***** Data segment *****
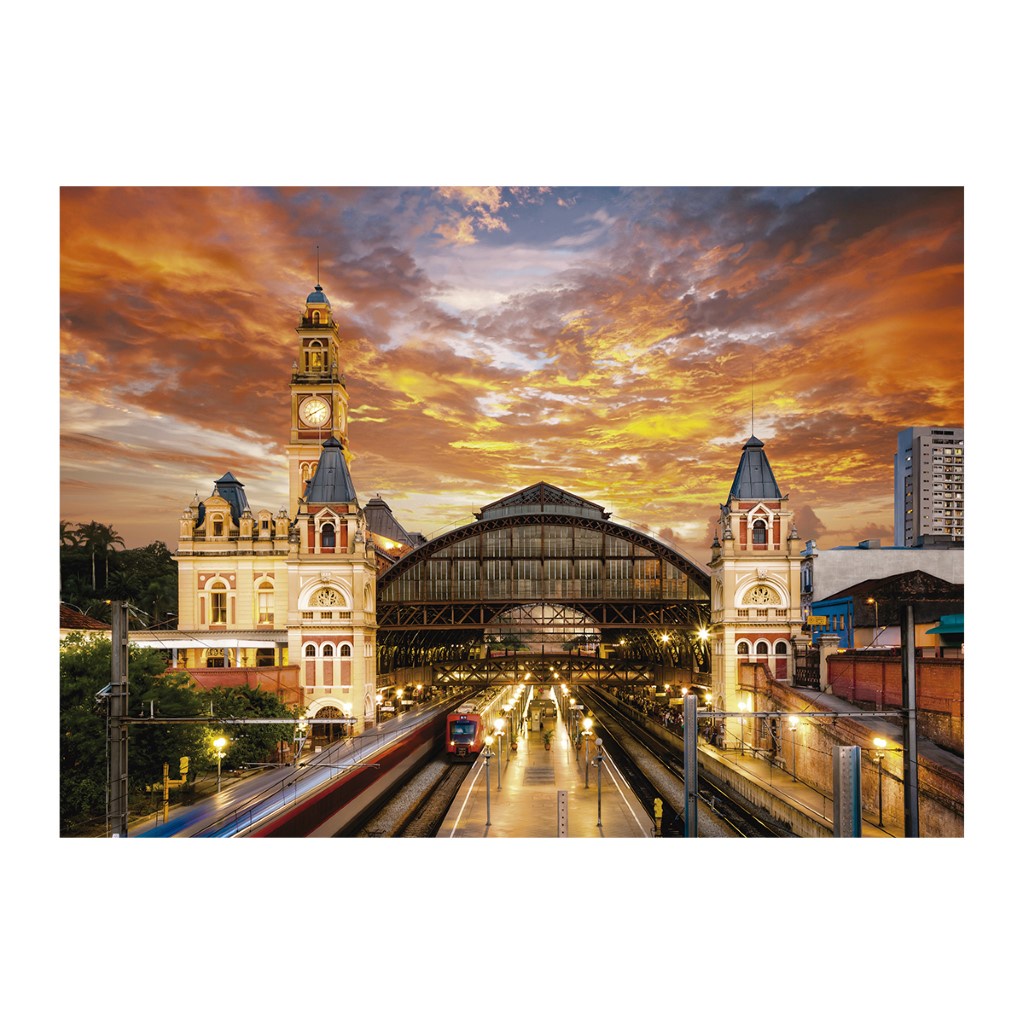 Em março de 1901 era inaugurada a estação Ferroviária da Luz, que viria a se tornar um símbolo da cidade de São Paulo. Foi projetada pelo arquiteto Charles Henry Driver, pioneiro no uso de fundição e ferro ornamental para construções, sua influências podem ser percebidas pelas estruturas que imitam o Big Ben de Londres, com direito a um grande relógio. No outro lado do edifício , duas torres paralelas e quadradas, no estilo gótico, remetem à Abadia de Westminster, a igreja de Londres onde os monarcas são coroados. Milhares de pessoas de todas as classes e países já passaram pelas suas dependências e se impactaram com essa obra que é um pedaço da história do Brasil. Dimensões Aproximadas do Produto: 70,8 x 97,8 (Altura x Largura x Comprimento/Profundidade) Dimensões da Aproximadas da Embalagem: 8,5 x 29 x 42,4 (Altura x Largura x Comprimento/Profundidade)
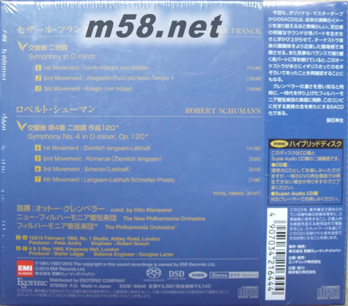 價格為估,以實到貨為準! 法蘭克 D小調交響曲 舒曼 D小調第四號交響曲 Franch Symphony In D minor Schumann Symphony No.4 SACD 日本精裝限量版(m58.net) 指揮:OTTO KLEMPERER 克倫培勒的指揮生涯是在戰后重回歐洲的晚年才開花結果,其中關鍵是1951年與EMI簽約,并與基一手扶植的鉆空子樂管弦樂團合作演出時錄音。這張專輯收錄的第四號交響曲,是舒曼改寫于1851年,以ROMANCE為題名的作品。而D小調交響曲則是1966年克倫培勒與1964年遭EMI解散的愛樂管弦樂團所重組的新愛樂管弦樂團合作錄音的,也是法朗克完成于1888年,生平唯一的交響曲,以偏向幻想曲的結構創作完成,是一首層次豐富的動人作品。
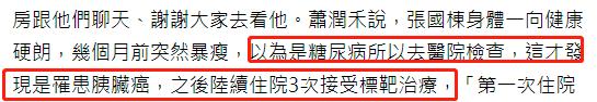 据萧润禾称,好友虽然年事已高,但身体一向健康硬朗,然而在几个月前,张国栋却突然暴瘦,本以为是患上了糖尿病,去医院检查后确诊为胰腺癌。
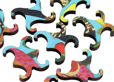This challenging 225 piece wooden jigsaw puzzle is really hard for its size because it has our unique split tendril connector pieces, just a couple of whimsies, and a decorative edge that arises naturally from the piece shapes so you can't sort out the edge pieces ahead of time. Puzzle design by Tara Flannery.
*****
▶ **Task to complete**:
Only the pictures are dropped when you print the material; everything else is copied exactly.

▶ **Answer box**:
 Em março de 1901 era inaugurada a estação Ferroviária da Luz, que viria a se tornar um símbolo da cidade de São Paulo. Foi projetada pelo arquiteto Charles Henry Driver, pioneiro no uso de fundição e ferro ornamental para construções, sua influências podem ser percebidas pelas estruturas que imitam o Big Ben de Londres, com direito a um grande relógio. No outro lado do edifício , duas torres paralelas e quadradas, no estilo gótico, remetem à Abadia de Westminster, a igreja de Londres onde os monarcas são coroados. Milhares de pessoas de todas as classes e países já passaram pelas suas dependências e se impactaram com essa obra que é um pedaço da história do Brasil. Dimensões Aproximadas do Produto: 70,8 x 97,8 (Altura x Largura x Comprimento/Profundidade) Dimensões da Aproximadas da Embalagem: 8,5 x 29 x 42,4 (Altura x Largura x Comprimento/Profundidade)
 價格為估,以實到貨為準! 法蘭克 D小調交響曲 舒曼 D小調第四號交響曲 Franch Symphony In D minor Schumann Symphony No.4 SACD 日本精裝限量版(m58.net) 指揮:OTTO KLEMPERER 克倫培勒的指揮生涯是在戰后重回歐洲的晚年才開花結果,其中關鍵是1951年與EMI簽約,并與基一手扶植的鉆空子樂管弦樂團合作演出時錄音。這張專輯收錄的第四號交響曲,是舒曼改寫于1851年,以ROMANCE為題名的作品。而D小調交響曲則是1966年克倫培勒與1964年遭EMI解散的愛樂管弦樂團所重組的新愛樂管弦樂團合作錄音的,也是法朗克完成于1888年,生平唯一的交響曲,以偏向幻想曲的結構創作完成,是一首層次豐富的動人作品。
 据萧润禾称,好友虽然年事已高,但身体一向健康硬朗,然而在几个月前,张国栋却突然暴瘦,本以为是患上了糖尿病,去医院检查后确诊为胰腺癌。
This challenging 225 piece wooden jigsaw puzzle is really hard for its size because it has our unique split tendril connector pieces, just a couple of whimsies, and a decorative edge that arises naturally from the piece shapes so you can't sort out the edge pieces ahead of time. Puzzle design by Tara Flannery.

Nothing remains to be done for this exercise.